When I was (poorly) interpreting calls for my previous job, I felt like I was at least helping people get the medical care they needed. I feel much less valuable when translating a piece of work from the 1890s-1900s that's already been translated a million times.

Hence why I am working on a contemporary piece for my master's thesis, but I digress.

What is it about Chekhov that is so fascinating? Why am I drawn to his works like a fly to honey? And I'll tell you, this is not the first time I've read Chekhov and it won't be my last.

Chekhov (1860-1904) was a master at what many call "slice of life" storytelling. He described life almost exactly as it was. No sugar coating, and no detail missing. Many debate over whether his pieces are full of unimportant digressions or significant clues.
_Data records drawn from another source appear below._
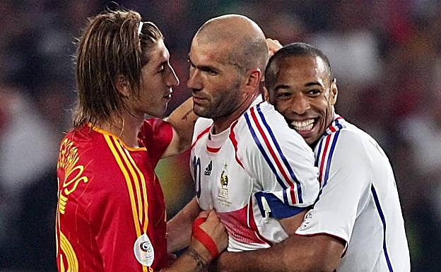 El combinado galo había pasado segunda y con apuros, con dos empates en las dos primeras citas (0-0 con Suiza y 1-1 con Corea del Sur) y un triunfo en la última (0-2) a Togo, pero en aquella eliminatoria posterior devoró a España, a la que remontó el gol de Villa con tantos de Franck Ribery, Patrick Vieira y Zinedine Zidane. España quedó eliminada; Francia llegó a ser subcampeón.
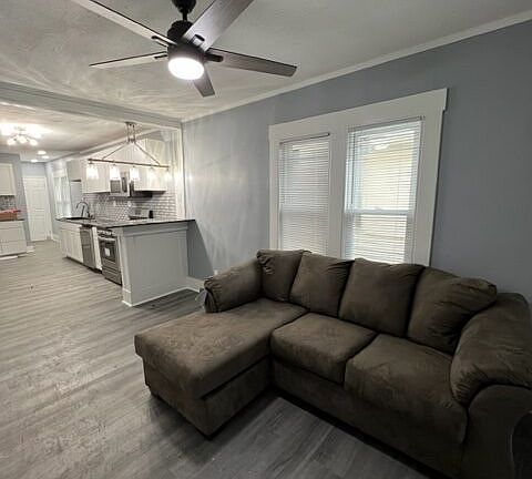 Modern couchLaundry roomCable readyBalcony deck patioLaundry room in buildingNew windows with blindsStainless steel appliances
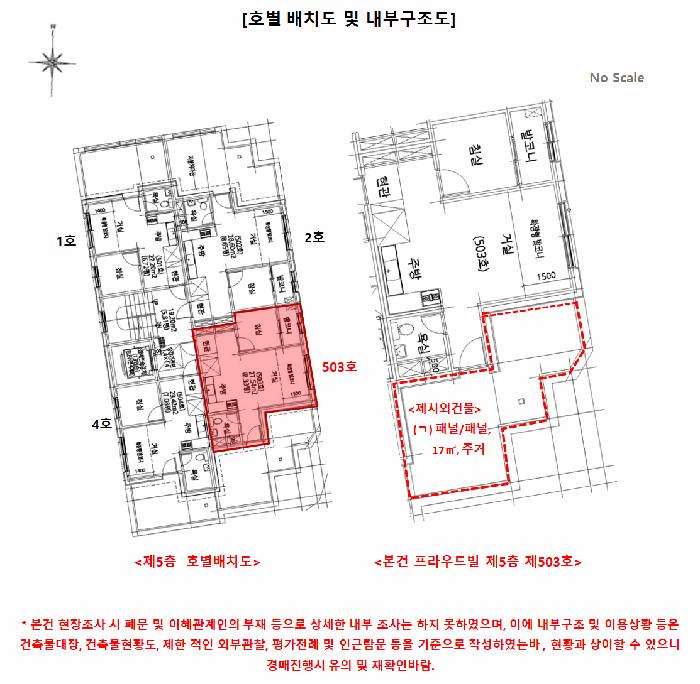 - º»°Ç Á¦½Ã¿Ü°Ç¹° (¤¡)Àº ÁýÇÕ°ÇÃ๰´ëÀå¿¡ µîÀçµÈ À§¹Ý°ÇÃ๰ ¸éÀû°ú(17§³) ¸ñÃø ¹× °ÇÃ๰ÇöȲµµ µîÀ» ÅëÇÏ¿© °³·«ÀûÀ¸·Î »êÃâÇÑ ¸éÀûÀÌ À¯»çÇÏ¿© ÁýÇÕ°ÇÃ๰´ëÀå¿¡ µîÀçµÈ À§¹Ý°ÇÃ๰ ¸éÀûÀ¸·Î ±âÁØÇÏ¿´À¸¸ç, °æ¸Å ÁøÇà ½Ã ¼ÒÀ¯±Ç ¹× ±âŸ ±Ç¸®°ü°è, ¿ø»óȸº¹¸í·É ¹× ÀÌÇà°Á¦±Ý ºÎ°ú ¿©ºÎ µîÀº ¹Ýµå½Ã ÀçÈ®ÀÎÇϽñ⠹ٶ÷.
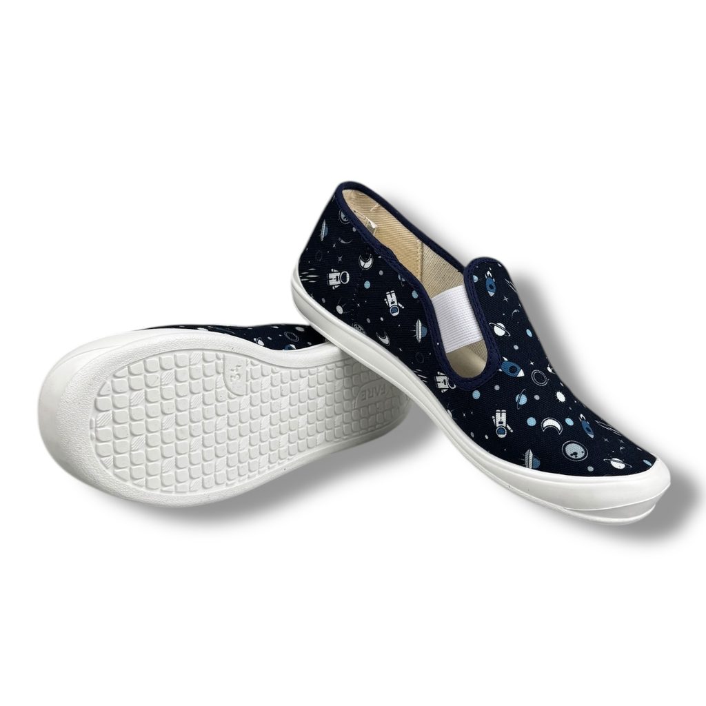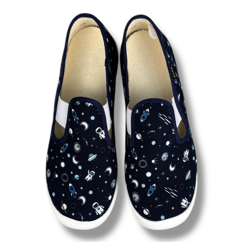 Přezůvková, nízká, textilní, lemovaná obuv, pruženkové uzavírání.
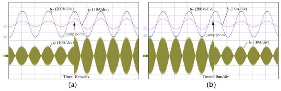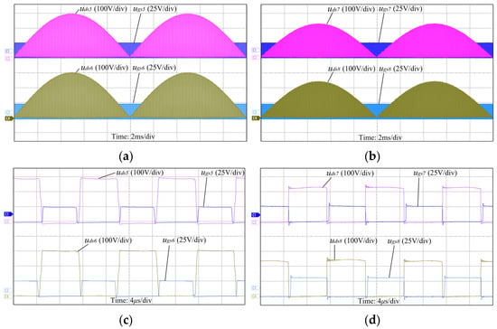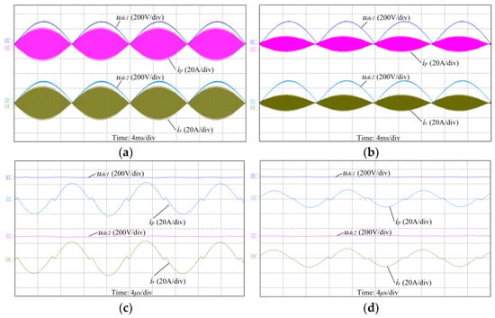Figure 9 shows the steady-state working waveforms of the LLC resonant converter under rated load and half-load conditions. As shown in Figure 9a,b, the primary rectifier and the secondary inverter operate according to the polarity of the input voltage and generate fold sine waves with the same phase on the DC-link. The high-frequency transformer and the primary current present a sinusoidal envelope in the fold sine wave voltage. Figure 9c,d are magnified views near the peak of the bus voltage. The resonant current is approximately sinusoidal, and its amplitude is related to the load. At the same time, there is a small negative resonant peak near the zero-crossing point, consistent with the previous statement in Figure 4.
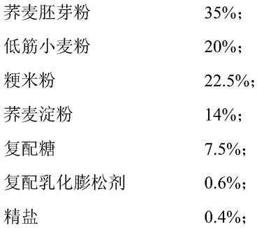 (1)将350g荞麦胚芽粉、200g低筋小麦粉、225g粳米粉、140g荞麦淀粉、75g复配糖、6g复配乳化膨松剂、4g精盐混合搅拌均匀,得到含有荞麦胚芽粉的低糖荞麦煎饼预混粉;
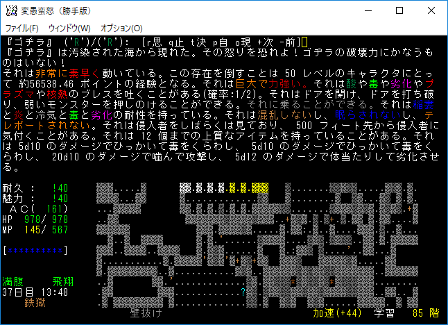 『ゴヂラ』はほんっと強かった(笑)。壁抜けをしてもガンガンHPを減らされてしまう。プラズマのブレスは凶悪です。壁抜けの無いクラスで遭遇をしたら即*破壊*します。
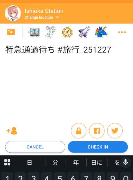 しかし、チェックインの度に旅行_YYMMDDというハッシュタグを手入力するのは相当な手間です。PCでも結構面倒なので、これはスマホのユーザー辞書に登録してしまいます。旅行を始める際に更新することさえ忘れなければ自分で設定したショートカットを入力すればハッシュタグを何も考えずに入力できるということです。

For example, why in "The Lady with the Dog" does Dmitriy Gurov start eating a watermelon when Anna Sergeyevna is crying? This minor detail is very telling--Gurov is almost completely indifferent to Anna's plight, and it shows in his relaxed attitude.

Another author may have chosen to omit this detail, especially if they were trying to convince the reader that Gurov was really in love. Chekhov, however, includes it. Does it make his case stronger or weaker?

This is just one example of how fascinating Chekhov is. This is why I am drawn to translate his work. It's not only an exercise of my Russian abilities, but also a chance to share his works with the world.